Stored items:
=== Begin Enclosure ===
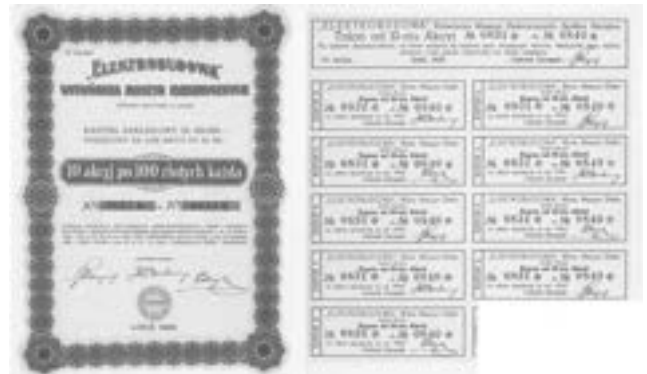
Rys. 11. Elektrobudowa Wytwórnia Maszyn Elektrycznych.

Mamy koncerny, które skupiają kilka elektrowni, mamy banki, bądź przedsiębiorstwa, które budują i eksploatują, a przez jakiś czas je eksploatowały. Osobną działy kolekcjonerów są przedsiębiorstwa elektrotechniczne. Jak to pogodzić.
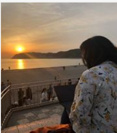
同僚の在宅勤務風景
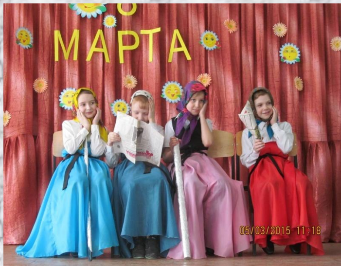
2015 концерт к 8 Марта
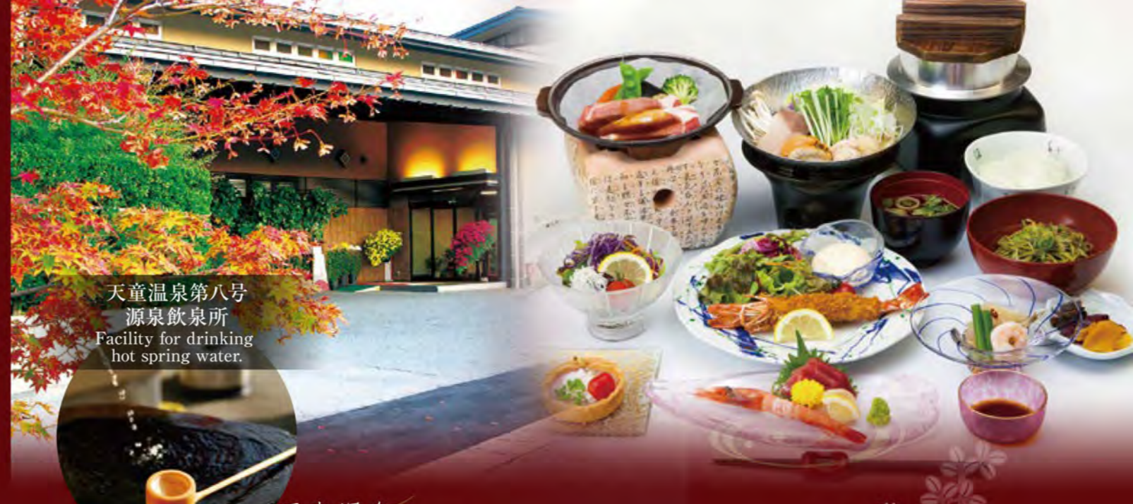
天童温泉第八号 源泉飲泉所 Facility for drinking hot spring water.
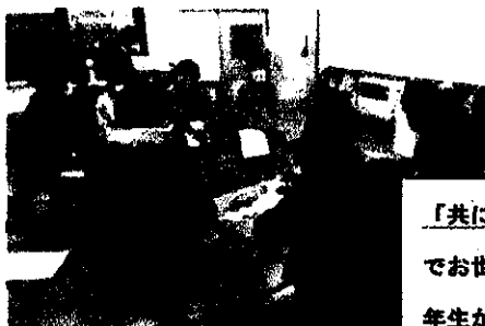
「共に生きる地域の人々」①6年 今ま でお世話になった地域の方と、今度は6 年生が地域にできることについて話し合 いました。6年生、やってみたいことが たくさん見つかりました。
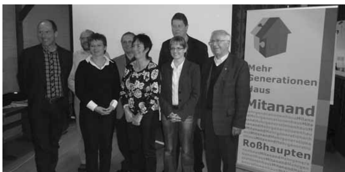
Die Vorstandschaft des Förderverein „MGH Mitanand“
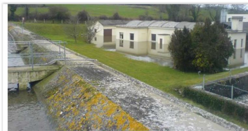
Barrage de Pont Avet
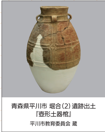
青森県平川市 堀合(2)遺跡出土 『壺形土器棺』 平川市教育委員会 蔵
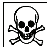
T+ - sehr giftig T - giftig und/oder krebserzeugend
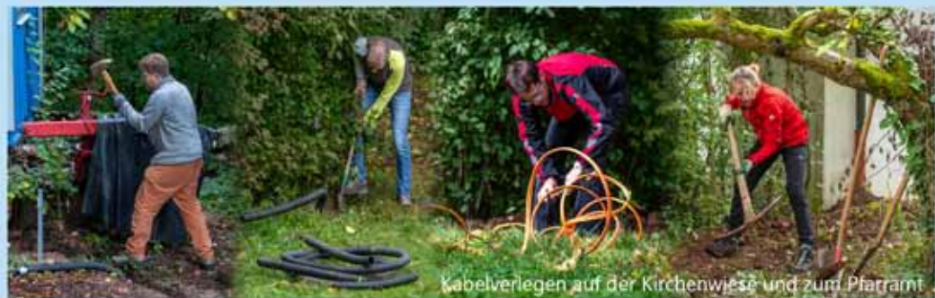
Kabelverlegen auf der Kirchenwiese und zum Pfarramt
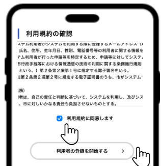
④ 「利用規約に同意します」にチェック ⑤ 「利用者の登録を開始する」を押す
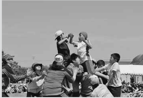
▲闘志あふれる騎馬戦での戦い
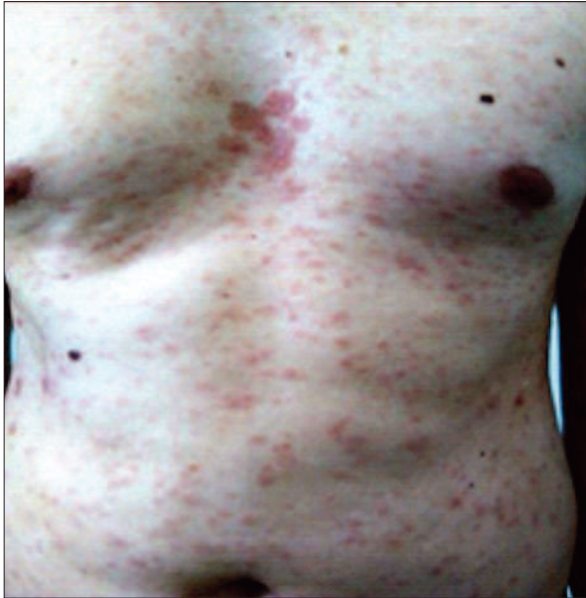
Figura 1. Sifilide psoriaziforme toraco-abdominal Figure 1. Psoriasis-like syphilides at thoracoabdominal level

Tratamentul sistemic cu Benzatin-penicilină 2,4mil/săptămână, 3 săptămâni a determinat remiterea sifilidelor, iar dermatocorticoizii și keratoliticele au ameliorat leziunile de psoriazis. Ulterior pacientul a fost monitorizat clinico-serologic conform protocolului Ministerului Sănătății (la fiecare 3 luni în primul an, apoi la 6 luni în al doilea an și anual în următorii 5 ani).
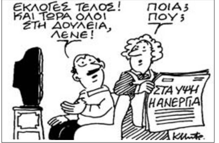
Του ΚΩΣΤΑ ΜΗΤΡΟΠΟΥΛΟΥ από «ΤΑ ΝΕΑ»

«Θεσσαλονίκη» Θρίαμβος. Αλλαγή στο δήμο Θεσσαλονίκης έπετα από 24 χρόνια.
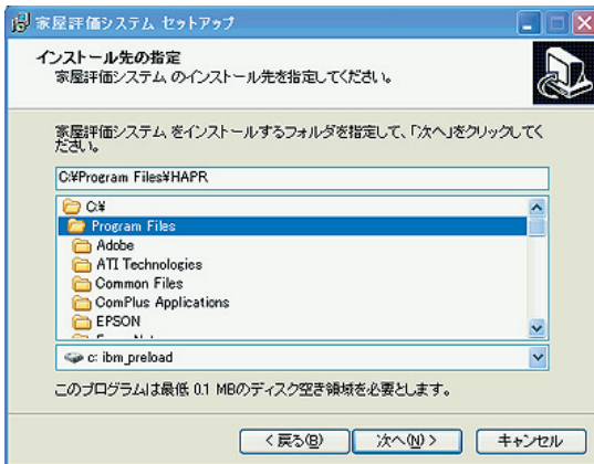
ディレクトリ設定画面

4、setup では、システムに必要な全てのファイルをインストールできます。ただし、Win9x, NT4.0 では「データベースが接続出来ません」のメッセージが出る場合があります。その場合は、Microsoft Data Access の確認をし下さい。本プログラムの使用にはデータベース関連の Microsoft Data Access Components のインストールが必要です。
=== End Enclosure ===
WHAT IS NEEDED: Starting at the line that contains "Figura 1. Sifilide", reproduce each line exactly through the end of the entries above, leaving every picture out.

REPLY TO THE TASK:
Figura 1. Sifilide psoriaziforme toraco-abdominal Figure 1. Psoriasis-like syphilides at thoracoabdominal level

Tratamentul sistemic cu Benzatin-penicilină 2,4mil/săptămână, 3 săptămâni a determinat remiterea sifilidelor, iar dermatocorticoizii și keratoliticele au ameliorat leziunile de psoriazis. Ulterior pacientul a fost monitorizat clinico-serologic conform protocolului Ministerului Sănătății (la fiecare 3 luni în primul an, apoi la 6 luni în al doilea an și anual în următorii 5 ani).
Του ΚΩΣΤΑ ΜΗΤΡΟΠΟΥΛΟΥ από «ΤΑ ΝΕΑ»

«Θεσσαλονίκη» Θρίαμβος. Αλλαγή στο δήμο Θεσσαλονίκης έπετα από 24 χρόνια.
ディレクトリ設定画面

4、setup では、システムに必要な全てのファイルをインストールできます。ただし、Win9x, NT4.0 では「データベースが接続出来ません」のメッセージが出る場合があります。その場合は、Microsoft Data Access の確認をし下さい。本プログラムの使用にはデータベース関連の Microsoft Data Access Components のインストールが必要です。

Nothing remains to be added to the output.